Harold kept the letter in his pocket while he did his patrols.
Slept with it under his pillow. He read it every day. Sometimes twice. It became his mantra. His reason for living. He could utter every word under his breath like a favorite poem.

 

 

Harold paused for a brief moment.
Then he slowly began hiking up his right pant leg, exposing a grotesquely white leg. Blue, black, purple, and red veins spider-webbed across the pasty flesh. A black sock was pulled taut halfway up his calf. There was a small bulge at top.

Harold reached his arm down, slid his fingers into his sock, and pulled out a folded piece of paper.
The paper appeared soft and supple. Reopened and refolded so many times, the fibers had broken down.
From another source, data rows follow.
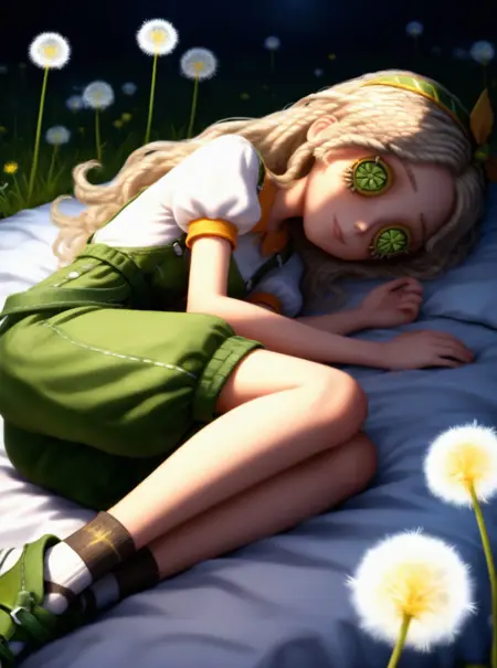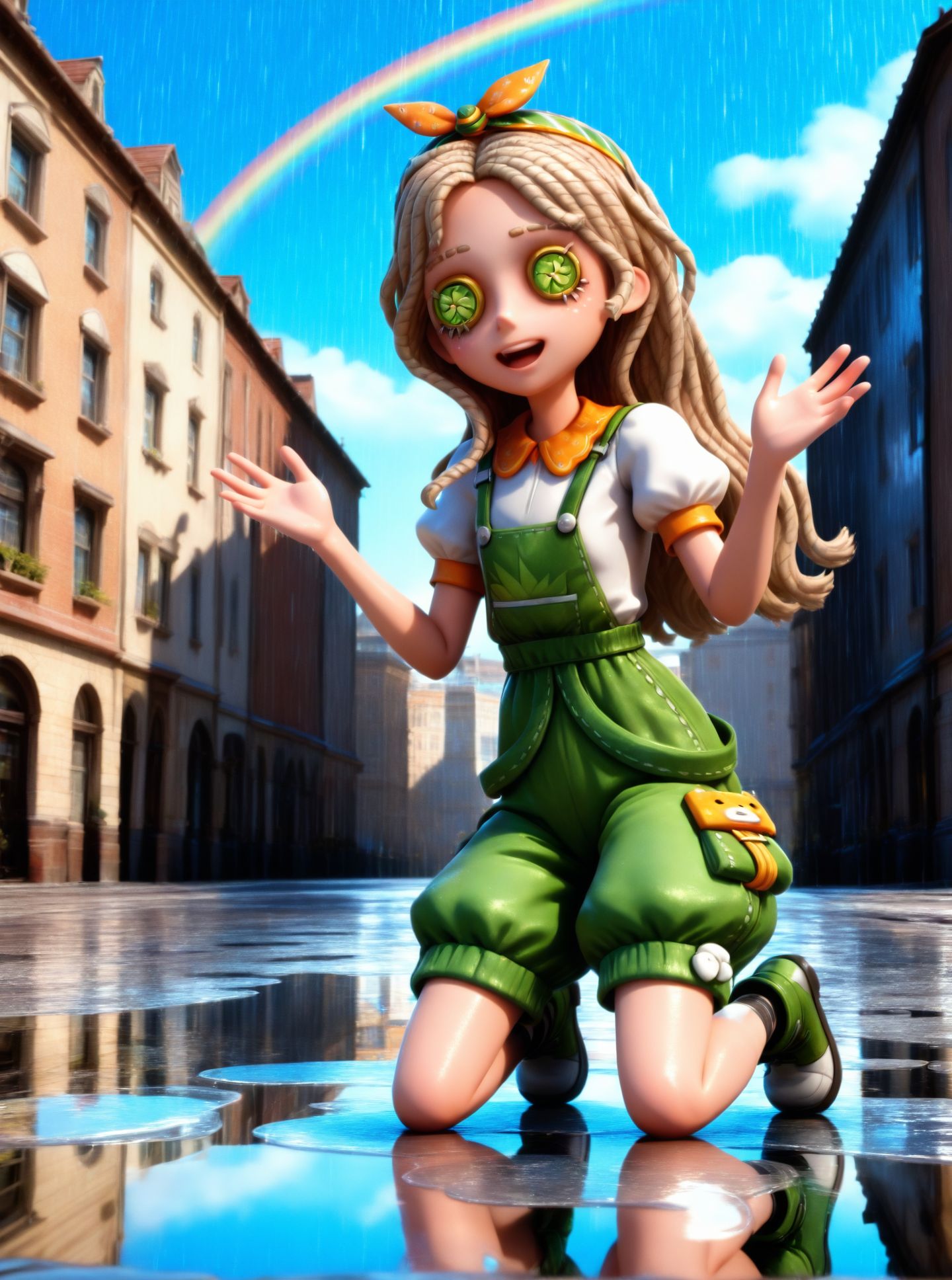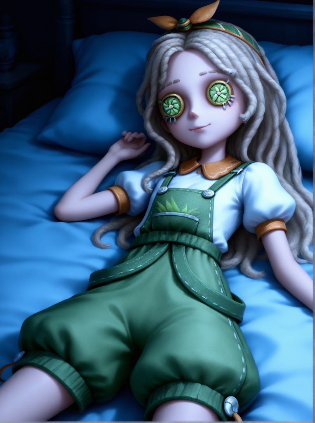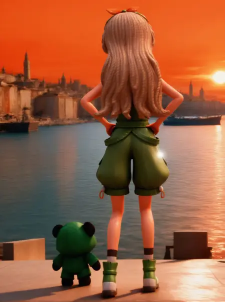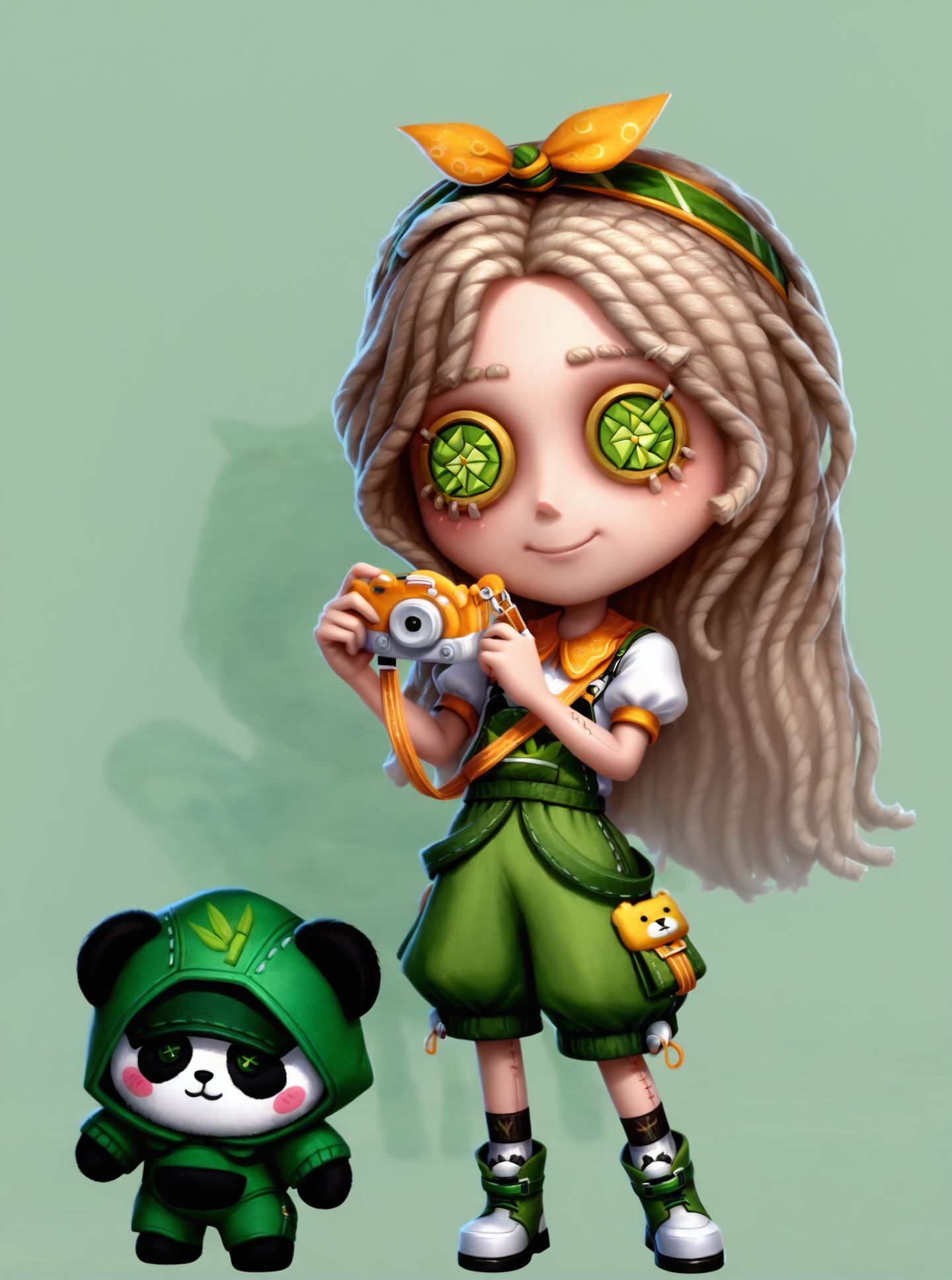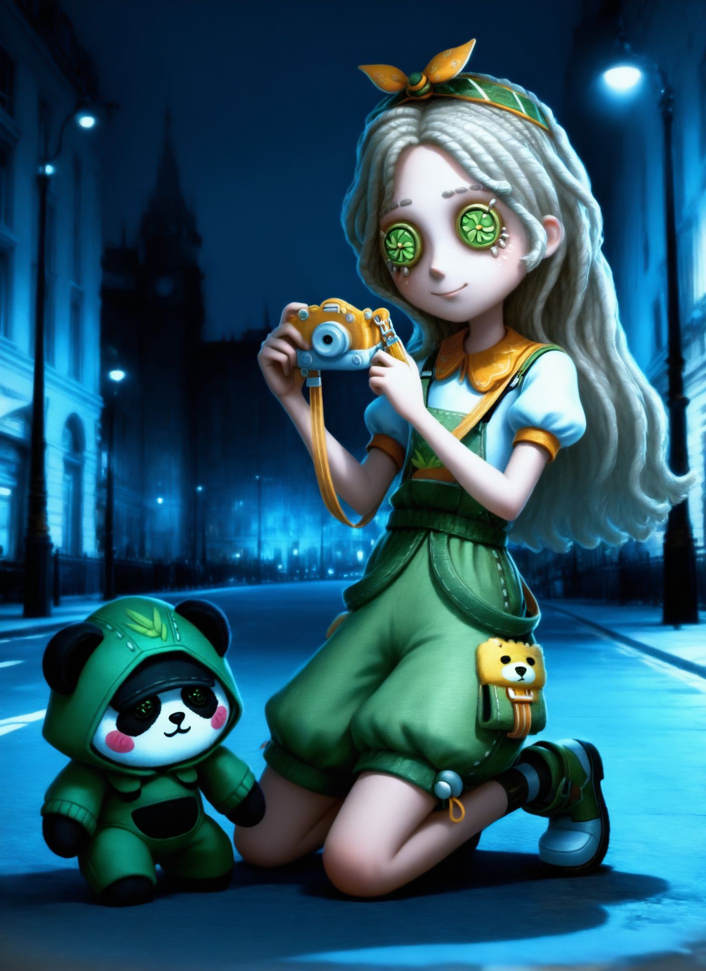 트리거 단어: XVH, solo, 카메라, 1girl, 헤어밴드, 연한 황금갈색 머리, 긴 머리, 녹색 눈, 단추 눈, 흰 셔츠, 풍성한 짧은 소매, 녹색 오버숏, 노란 주머니, 줄무늬 양말, 부츠, 뽀로로 곰 인형을 들고 있음, yuan style
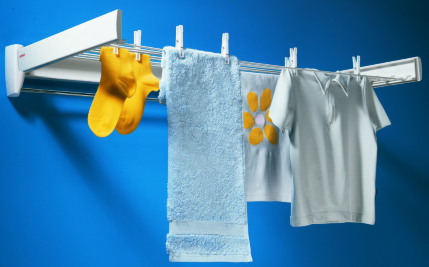 • au soleil - avant de suspendre les choses, il est préférable de les retourner pour éviter la décoloration des tissus; sous les rayons du soleil, le séchage ne prendra pas plus d'une heure;
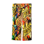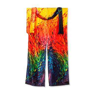 Silky finish with swirling daubs of colors from black through deep blue, green, red, orange, and brilliant yellow. |
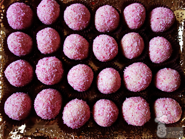 Las trufas de chocolate blanco se pueden dejar tal cual, sin añadir ningún saborizante o aroma, pero tienen otra gracia si le ponemos un "extra". Las que publico hoy llevan el coco caramelizado y un toque de aroma de naranja.
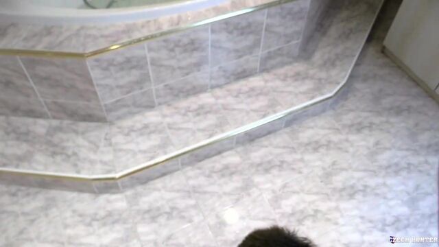 I wanted to treat myself, so I booked some time at a spa. A warm bath seemed like a perfect idea in this terrible weather. I kept my camera rolling just in case the place had a handsome receptionist. To my surprise, the spa was closed and the only person to be found there was a gardener. Thank god I met him because he had spare keys from the building and let me inside. The guy was only 23 years old and really cute. He was a bit grumpy at first but as soon as I gave him some cash, he became much easier. It was raining and the poor dude was freezing outside, taking care of the garden... a quick break in a hot tub had to be very tempting. So, I got myself a friend for a few Crowns and he took good care of me. Hot tub sex with a young and manly gardener... it was almost like in a romantic movie.
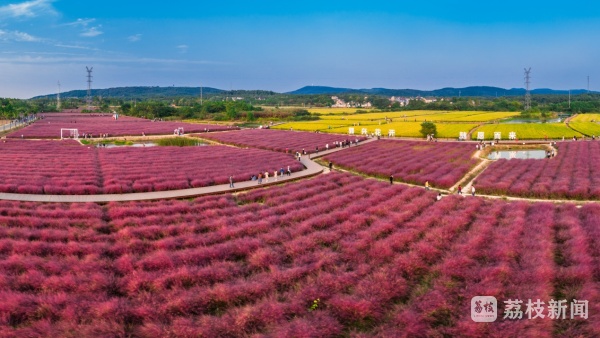 国庆赏花热门地中,粉黛乱子草盛开的郭兴庄园累计接待10.3万人次。粉黛季加持网红小火车,还有文创市集、露营烧烤,更有80组家庭背靠粉色花海“安营扎寨”。
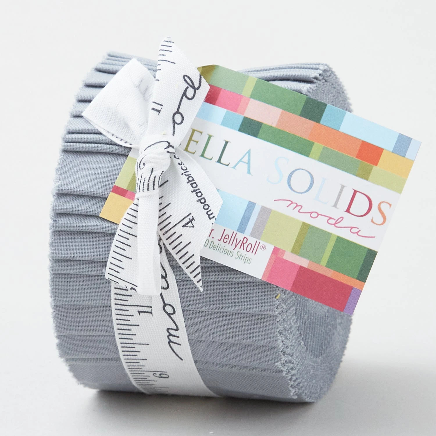 Junior jelly roll of Bella solid gray 2-½” strips. Solids are fantastic because of the balance they bring to quilts! If you need to balance out your project, consider Bella solids from Moda Fabrics! When it comes to Bella, you’ll always find the color you need, whether it’s sangria pink or lemon yellow.
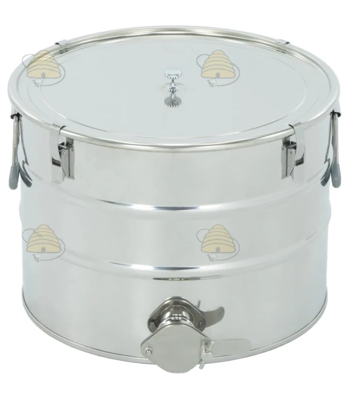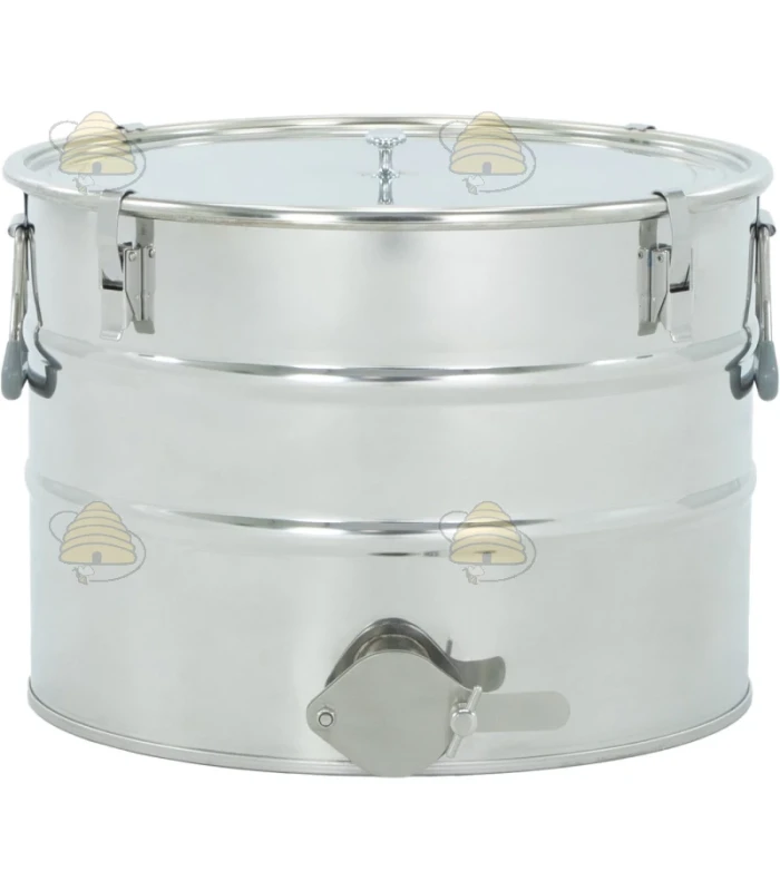 Dieser Abfüllkübel besteht aus lebensmittelechtem, hochwertigem Edelstahl und eignet sich für 30 Liter / 40 Kilo Honig. Es dient dank des 6/4" Edelstahl-Auslaufhahns / Quetschhahn an der Unterseite direkt auch als Abfüllbehälter.
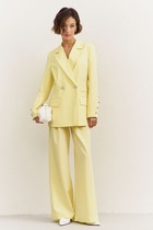 Блузон с центральной застежкой на петли и пуговицы, с втачным воротником и отрезной стойкой. По шву притачивания планки- рюши. По низу блузона- пояс. Плечо спущенное. Спинка цельная. Рукав втачной, длинный, с отрезной манжетой. Брюки зауженные к низу, с отрезным поясом, на поясе расположены шлевки. По спинке пояс присборен на резинку. По боковым швам расположены карманы. Вход в карман наклонный к боковому шву. Передние половинки брюк с двумя односторонними складками. Застежка гульфик.
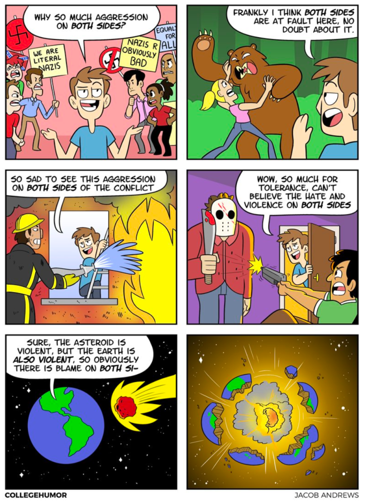 Plenty of truth there. Intolerance does exist on both sides. But it is far from evenly distributed. The vast majority of the intolerance, hate, and conspiracy thinking is on the right.

It had streaks of brown running across it.

Harold unfolded the letter and I watched as his large eyes pulled in every word.
About halfway through he took two quick inhales through his nose, something I’d yet to see him do.

I felt like I was watching, seeing something, I knew I shouldn’t be.
Like when you accidentally flip to something in the 660s on television.

Harold finished the letter, the folds practically doing themselves, and stuffed it back in his sock.
He gave it two quick pats then released the bunched fabric of his pant leg. He gazed across the still lake, hands clasped together on his lap. I watched as he slowly moved his hand from his lap and laid it silently on the bench just to my left.

I stared at the long fingers.
Bony and brittle. I imagined those fingers working the fields for hours and hours, those fingers wrapped around the butt of a gun, those fingers slinking around a pen and moving briskly across the page. Truly, those fingers had been through war.

I reached out my left hand and slid it beneath the cold fingers.
They slowly awakened, intertwining between mine. We held hands like that for awhile. Waiting for the ducks to return.